The Dotmailer extension, and its custom complex cron-based queueing system in the database¹².

This also makes it very expensive for extension developers to do an integration “right”. This means that they can very quickly fallback to not so good practices, such as end up doing live/direct API calls hooked on controller actions, e.g.: pushing an order event to another system during the “place order” action, whilst it could have been done asynchronously a few moments later and saved time on the request. This is actually one of the most common symptoms for slowness: extensions that just hook expensive API calls in requests - again such as “customer login” or “place order” - impacting frontend response time and building up requests on the server.

Further on this point, as a Service Integrator company (a Magento implementation partner company) is on a big project with several modules, they end up spending a large chunk of the time of the project modifying extensions, as to really “queue” their API calls themselves. This effort is then repeated over and over across implementations, and I suppose this is repeated by partners around the world.

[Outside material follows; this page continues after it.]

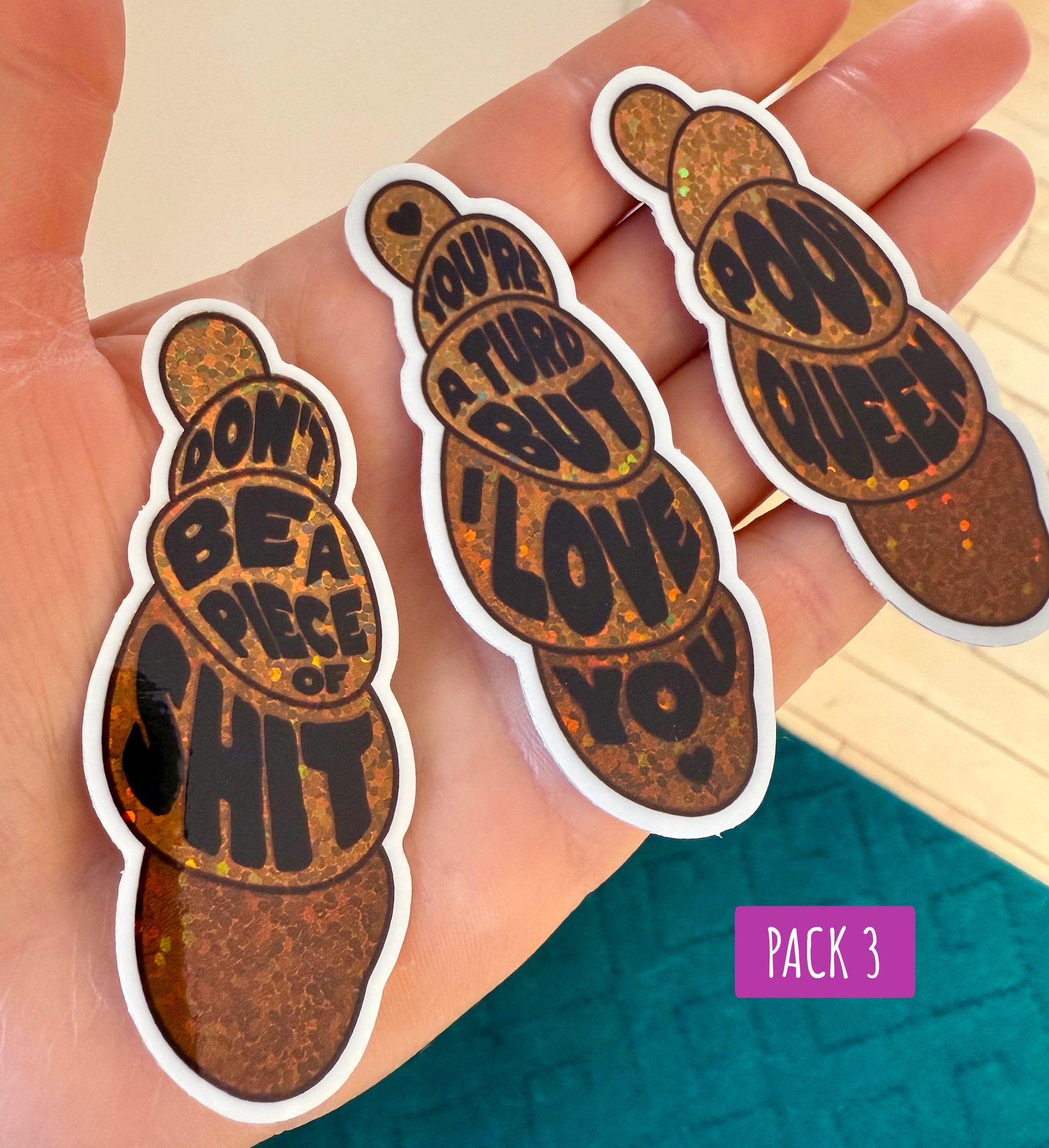 Pack 4: Plain glitter, "It's poo poo kaka time", "You're a turd but I love you"

Now suppose all extensions could just use a common existing Magento queuing system: all you had to do as a SI is to make sure the workers processes were running.

Finally, the argument is that as extension developers normally target both Community and Enterprise versions with one single module, and that’s the challenge. They will just pick something that “works on both”, thus ignoring the existing RabbitMQ/AMPQ/MysqlMq possibilities that are Enterprise-only. This deteriorates the value of using extensions for Enterprise customers, as the platform is not used to its full potential.

If this practice starts to become commonplace, it is possible to see that Magento as an ecosystem would mature, as integrations are a big part of Magento projects. Plus, in such future/ideal standardised world, it could mean that Community projects are more easily migrated into Enterprise once the extra Enterprise features are needed, given that the integration would likely be able to be kept the same.

Other examples come from within Magento, specially from it’s scheduled tasks (or cronjobs). A lot of these tasks are really, in my view, more suited to be events/messages to be queued and processed asynchronously. Some examples are:

Email sending, currently done as a cron task.
Product indexing, currently done as a cron task.
Cache invalidation for a given product, currently done as an event.

Current status

I brought a much less polished version of the above arguments to the Magento Software Architect Eugene Tulika¹³ - a very nice guy - via Slack. He kindly took this on-board within the Magento product team, and a decision was made to allow a move of the AMPQ implementation using MySQL as a storage into the community version¹⁴. The interfaces and behaviour would be the same as if RabbitMQ was being used. That was a “good enough” decision, that paves way to solve a large amount of the above points - if not all. When migrating into the Enterprise version, one would simply point the event stream form MySQL to RabbitMQ via configuration, after draining all remaining events from MySQL.

So, this post went all over the place a bit, but I believe it comes to show how Magento is a continuously evolving platform, how welcoming the Magento Community Engineering group is, and how easy it is to engage with them. It’s not by accident that Magento was the most contributed to PHP repository from last year¹⁵.

This initiative also gained its own channel in the Magento Slack¹⁶¹⁷, the #message-queue-to-ce channel. It’s currently up for grabs.